I'm trying to solve the problem:
$5|(6^n-1)$ with $n > 0$
I'm thinking about $6^n$ always ends with 6 as the last digit and subtract $1$ we have $5$ as the last digit of $(6^n - 1)$. A number with $5$ as the last digit is always divisible by $5$.
However, I don't know how to use direct proof to prove that.
Edit: I don't want to use induction proof.
$6^n-1=(6-1)(6^{n-1}+6^{n-2}+\cdots +1)$ and first part is divisible by 5
If $m$ and $n$ both have $6$ in their unit position, then $mn$ does as well (since $6 \cdot 6 = 36$, leaving a $6$ in the unit position of the product).
Next, wave your hands a bit (or do it formally by induction) to observe that $6 \cdot 6 \cdots 6$ will have a $6$ in its unit position (since you start with $6 \cdot 6 = 36$ and keep multiplying by $6$).

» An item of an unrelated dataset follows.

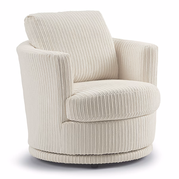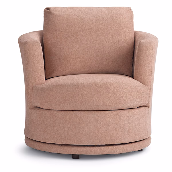 Designed with a reversible*, solid foam T-seat for long-lasting comfort and support. Plus, with zipper access in the lower back, you can adjust the amount of pillow fibers in the back to perfect your comfort sit. The swivel base comes upholstered**, or you have the option of a wooden base in 3 finish choices: Dark Walnut, Espresso, and Riverloom.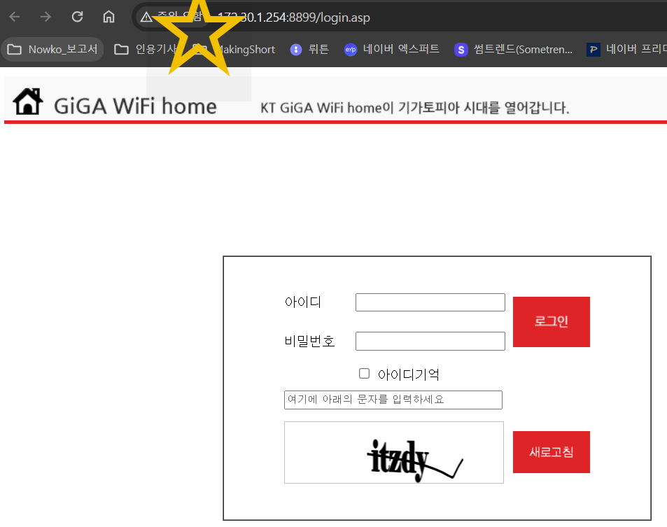 주소창에 확인된 IP주소를 입력하면 KT공유기에 기본으로 설정된 포트로 접속하도록 되어 있어요.

Your argument then follows: Since $6^n$ has a $6$ in its unit position, then $6^n - 1$ has a $5$ in its unit position, and is therefore (by well-known divisibility rules) divisible by $5$.
For fun:
1)$\sum := 6^{n-1}+6^{n-2}+......6^0$;
2) $6\sum=6^n + 6^{n-1}+.......6^1$;
Subtract: $2)-1)$:
$5\sum= 6^n -6^0=6^n-1$.
Hence?